Right from its initial flash with Impression, Sunrise by Claude Monet, the Impressionist movement was under the spell of reflections. Ephemeral marriages of water and light, celebrated and reinvented at every moment, reflections in modern painting are like a metaphor for modern times: unsure and changing, far from the impassive beauty of ancient rivers.

The Impressionists are painters of water more than all their predecessors. Whether working with the winding Seine or distant shores, they never cease to paint the ordinary life of riverbanks, the changing seasons, the labour of men and their new industries. In these paintings of an era looking to the future we see the first steel bridges, railways, steam tugs, an entire emerging economy of leisure where the new figures of modern life, boaters, rowers, swimmers, walkers all meet.
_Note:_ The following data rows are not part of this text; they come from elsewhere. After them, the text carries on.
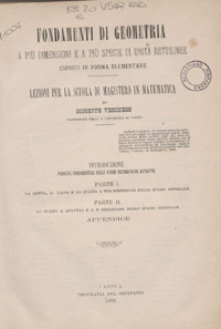 Giuseppe Veronese, Fondamenti di Geometria a più dimensioni e a più specie di unità rettilinee, esposti in forma elementare. Lezioni per la Scuola di Magistero di Matematica, Tipografia del Seminario, Padova, 1891, pp. XLVIII, 630.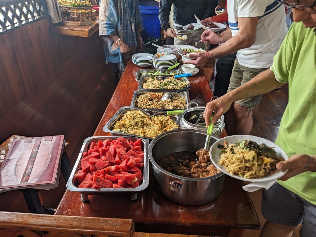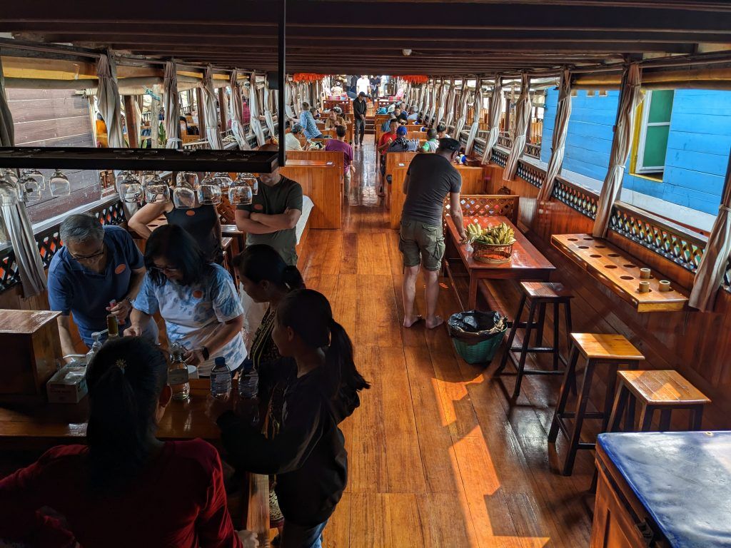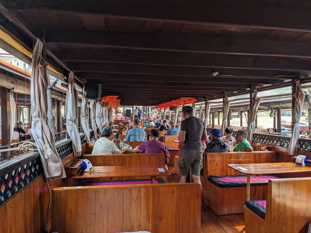 The boat had a lot of room. We had assigned tables, but there was a lot of space throughout the boat to hang out away from your table if you wanted. I shared a table with a Kenji from Tokyo who is a director for NHK TV and an avid railroad traveler. He was there to take the new Chinese financed speed train through Laos into Thailand.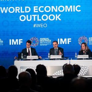 這是10月11日在美國華盛頓拍攝的國際貨幣基金組織(IMF)《世界經濟展望報告》新聞發布會。

The first photographers also noticed these motifs and carefully captured society’s transformations. For this new art that was developing parallel to Impressionism, reflections also constituted a technical challenge. To depict the instances of daily life, photographers like painters had to reduce exposure time and to invent new processes.

In this quest, both on canvas and in photographs, reflections appear to coincide with invention and experimentation. It is here, in this area of freedom, that artists express their greatest audacity: that of inventing a world of light, of matter and colours, detached from the simple care to be faithful to reality. To summarize: in these dazzling reflections, we find the cradle of modern art.